To appreciate what I carry and attune to life’s simple pleasures, like the luxurious softness of Merino. Or the satisfaction of staying dry on a stormy trek through the mountains, listening to rain patter the hood of my jacket. Or the ease of moving from frisbee on the beach at sunset to dinner with new friends, wearing the same thing.

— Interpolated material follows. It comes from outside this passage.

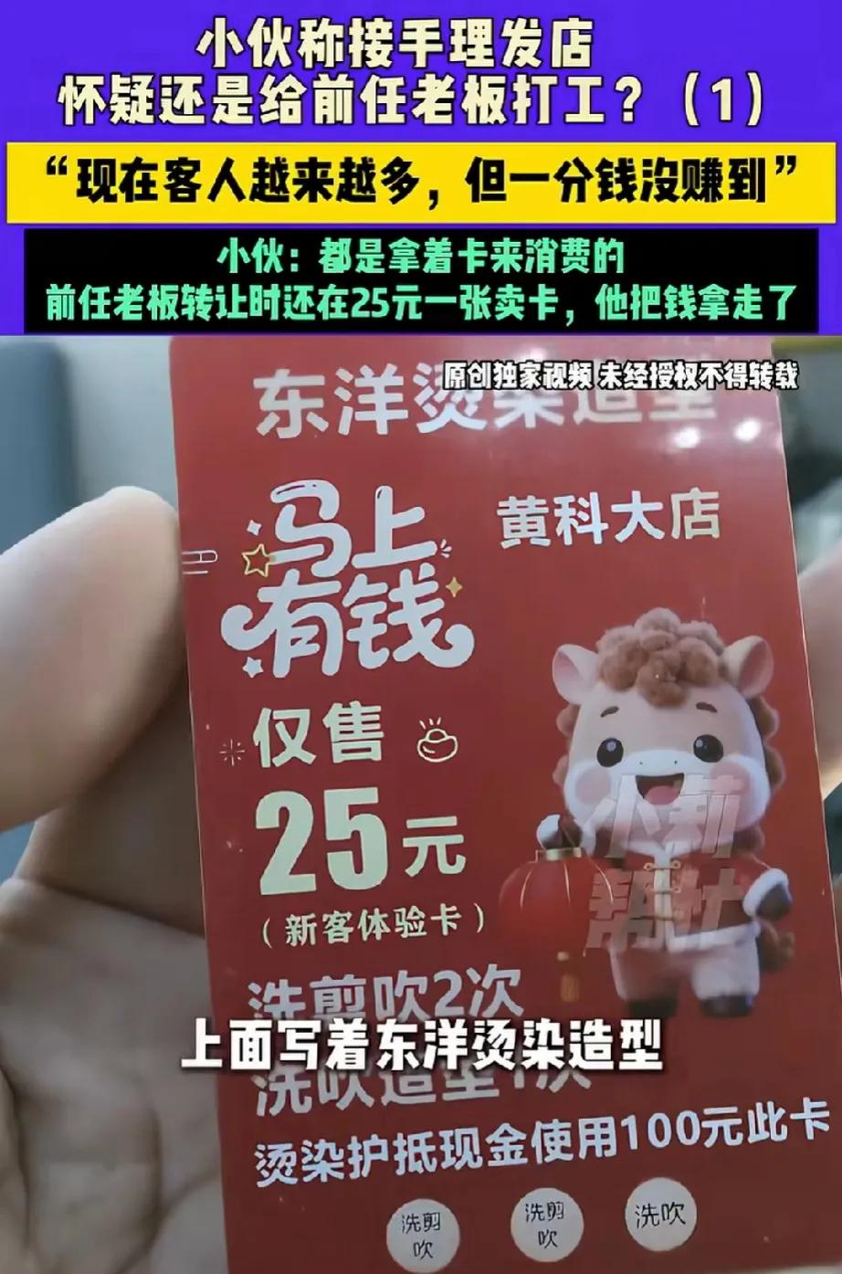 太不地道!河南郑州,男子新接手的理发店每天客人一波接一波,忙得脚不沾地,谁料,他却一分钱没挣到。男子委屈不已,找媒体哭诉:我就是给前任老板免费打工的,他转让店铺当天,还在大量售卖25元剪3次的理发卡,钱他收了,苦活累活全甩给我。而记者找到前任老板后,他的回答让人大跌眼镜。 牛先生是干理发的,前阵子他一直托人找店铺,因为年关将近,正是理发、做头发的旺季,他希望年前能开一家店顺利做生意。 1月26日那天,牛先生接到一个电话,对方称因为个人原因,打算转让他干了多年的美发店。 两人在电话里简单沟通后约定次日到店里详谈。 第二天,牛先生按照那个老板给他发的地址,找到了那家美发店。 牛先生实地考察后,觉得店铺位置和店里装修各方便都合他心意,于是决定收下那家店。 1月28号,牛先生和前任老板正式签订转让仪式,并给对方转去转让费。 1月29日牛先生把店名更改成属于自己的店名,顺利开业。 牛先生开店后,每天店里来剪发的客人很多,一波接着一波,他和工友们忙得脚不沾地。 虽然每天来了很多客人,但是他却几乎不赚钱,因为这些客人他们都是带着一张卡片来剪头发的。 卡片上面写着东洋烫染造型,黄科大店,洗剪吹2次、洗吹造型1次,烫染护可以抵100元现金券,卡片只需25元。 卡片上的店名是上任老板的店铺名称,后来牛先生经过了解才知道,这些顾客是在1月26号到1月29号期间花25块钱从上任老板那买的卡片。 钱是上任老板收的,干活的却是牛先生一伙人,自己辛辛苦苦却一分钱没赚到,牛先生郁闷不已。 一开始牛先生想着就当是为他的店铺做宣传,为长远打算,可后来拿卡片来剪头发的人越来越多,他有些受不了了,就推掉部分客人。 没想到因为被推掉,小区物业群里炸锅了,有人说牛先生的店铺做虚假宣传,这个店没诚信,各种不好的声音纷纷针对牛先生店铺。 牛先生为这事苦恼不已,他联系上任老板想让他出面解决,可那老板却躲着不处理。 牛先生没办法联系了当地媒体,之后记者跟着牛先生找到了上任老板。 可能迫于压力,上任老板跟记者解释说,这个店他之前从没打算转让,是临时有这个想法的,所以他们一直在想办法宣传、搞活动,26号确定转让给牛先生后,27号他就停止销售卡片了。 可牛先生说,顾客直到28号还能买到卡片。 对此,上任老板解释说,他们是跟地推公司合作的,27号就跟他们说了不再卖卡片,之后是地推公司私自卖的。 最终经过记者调解,上任老板承诺,他会把这个事处理好,他说他收了谁25块卡片钱,会一一退回给人家。 有人说牛先生这格局小了,上任老板是帮他宣传啊,地推还要钱呢。 他也不太会经营,这免费的流量多好呀,前期有顾客,服务好了,后期会有稳定客源,理发是个长期生意,不能只计较眼前 都说吃亏是福,现在吃点亏,以后就会生意兴隆财源广进。 不过也有网友说,上任老板这做得太不地道了,没准他是故意设局,转手前恶意低价倾销,捞一笔跑路,账后续老板来还。 前任老板这波操作太没底线,明摆着把牛先生当“冤大头”!都敲定转让店铺了,还偷偷卖低价理发卡圈钱,收了钱拍拍屁股走人,把一堆烂摊子甩给接手的牛先生,这根本不是无心之失,就是故意的投机算计。 牛先生本想趁旺季开店赚钱,结果白干不说,还被顾客骂没诚信,平白受了委屈背了锅。 说牛先生格局小的纯属站着说话不腰疼,谁的辛苦都不是大风刮来的,免费干活还挨骂的亏,换谁都咽不下。 不过,幸好最后前任老板承诺退钱,也算给牛先生讨了点公道,不然这亏吃得也太冤了!

Sure, sometimes it means finding yourself underdressed at a super swanky rooftop restaurant in Bangkok, obliging you and your partner to charm your way past the maître d’ while shrugging off a few confused stares - but honestly?
That was a fun story to live, too.
"It’s like that aphorism you hear in filmmaking circles, “Good, Fast, Cheap - pick two of three"." For employees it's "Competent, Reliable, Pleasant". I'll let you decide which of those I'm not! (And for prospective romantic partners the saying is "Hot, Sane, Single". Again, I'll let you decide.)
Polyester is indestructible. I've been wearing the same 100% polyester football top to Partick Thistle matches for over thirty years. Other than a couple of holes caused by sparks from a campfire, it's as new. It's one of the reasons there was such a huge market for 90s football shirts during and after covid (I saw mine on sale for £200) - they last forever and nobody throws away a football shirt.
Ordering more merino (my t-shirts are fine, but socks and underwear don't last as long) is actually on my list of things to do this week. I've heard good things about bamboo though. Any thoughts?
“Owning less creates more space in my life.” 💯💯💯💯 thank you for this super educational post, Michael!!! I’m curious if there are any merino wool brands you’d recommend? specifically ones you can purchase from online in north america? 😅 would love to start building a proper capsule wardrobe before I jet set off again!